Dark Ages dentistry

Monday, July 9th, 2007

There’s something about going to the dentist that has always scared me. Maybe it’s the smell of anaesthetics and disinfectants, or the fact that a masked oral terrorist tells me to open wide, then starts poking around inside me muttering strings of letters and numbers that sound to me like a1b…. h2i upper… while they map my gob.

I used to go to see a dentist regularly, every six months like clockwork, despite my fear and mistrust. Then the government, always progressive, started making it harder and harder to get NHS dental treatment. It made the payback for dentists so piss-poor that the majority stopped handling NHS patients and went exclusively private, and private dental work is prohibitively expensive for many. It wasn’t all the government’s fault; many dentists get their training through the NHS only to go private as soon as they can. They effectively get their training through partial subsidy (they still have to fund a lot of it themselves, and as students have the same loans and fees to deal with) and then don’t feel inclined to give anything back to the nation.

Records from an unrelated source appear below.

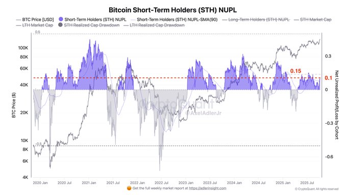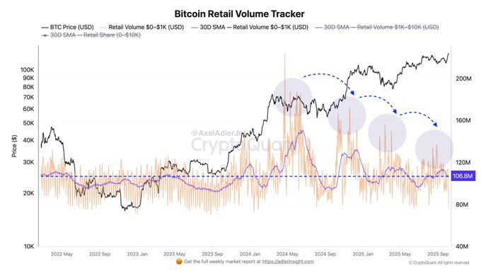 Since spring 2024, a steady downward trend in amplitude has been visible in the small transaction segment (up to $1K). Each new spike in retail participation is lower than the previous one, while the price is making higher highs.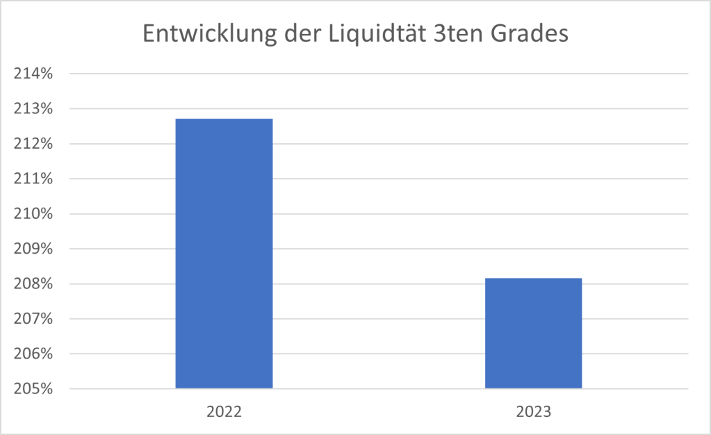 Die Liquidität 3. Grades hat sich des Berichtszeitraums leicht verschlechtert. Mit Graden von 213 % und 208 % liegen die Werte leicht über der Richtgröße von 200 %.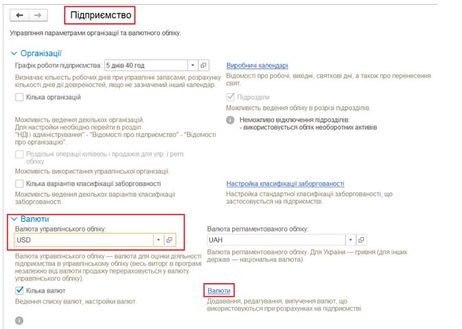 Інформація про валюти управлінського та регламентованого обліку визначається в розділі НДІ і адміністрування – Настройка НДІ і розділів – Підприємство.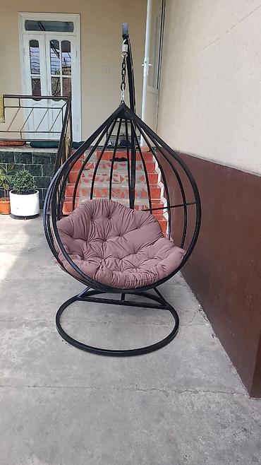 Подвесное кресло-кокон и садовые качели с навесом — кованный металлический дизайн.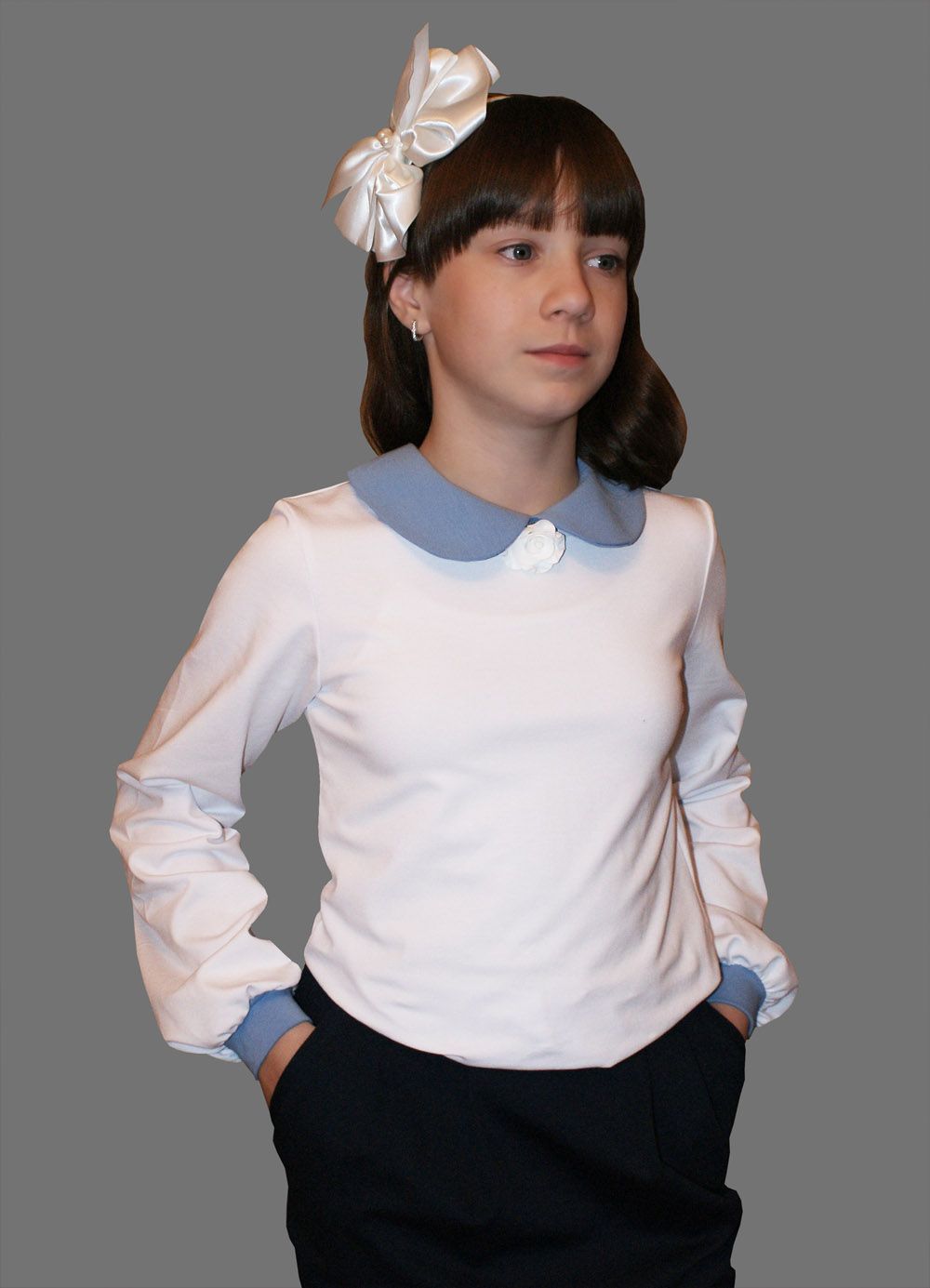Блузка для девочек, выполнена из мягкого трикотажного полотна. Блузка полуприлегающая, можно носить как заправленную в пояс так и на выпуск. Длиный рукав с низу на манжете. Воротник отложной сзади на застежке. Блузка декорирована брошкой розочка на булавке. Отличный вариант для школы и для торжественного случая.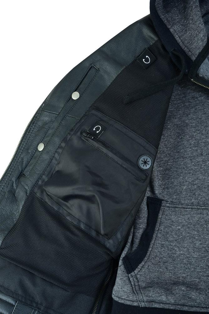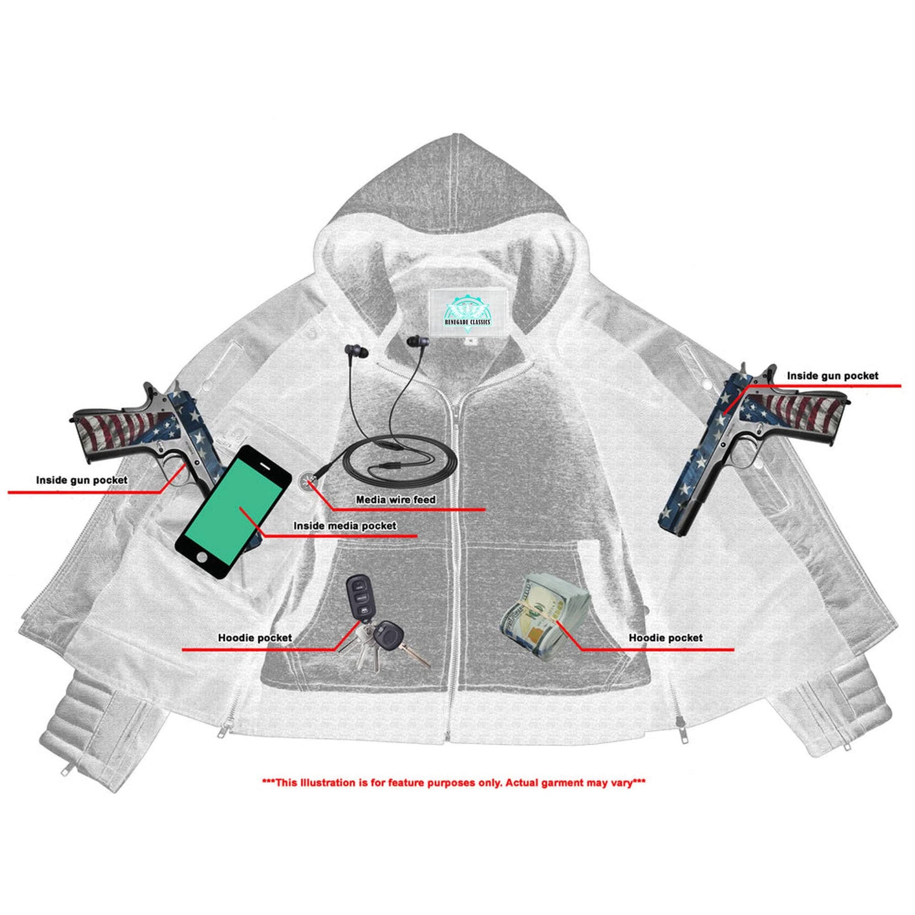 2 inside concealed gun pockets made of special heavy duty textile with built-in holsters and snap closure.

There are, of course, honourable exceptions but there aren’t enough. These days people can form massive queues outside a dental surgery when it announces it is taking on new NHS patients. They travel for miles just for the chance to get on a dentist’s books. When I called the NHS Direct helpline last year, I was told my nearest NHS dentist at the time was in Sheffield. To give readers a sense of the scandalous situation, Sheffield is about an hour-and-a-half drive away from where I live and about the same by train, with several changes along the way.

Only last week, my beloved and I discovered a dentist in a nearby town that was taking on NHS patients and we signed up. We’ve lived in our current location for two years and it’s been three years since I last saw a dentist, a little longer for my partner. Unless you can afford to go private, you don’t try to seek out a dentist these days in England until you are in pain and this often means you’re in extreme pain for some time. Often people have to go to A&E departments before they can get temporarily patched up, only to later receive a bill and get told they still need to travel miles to find a dentist.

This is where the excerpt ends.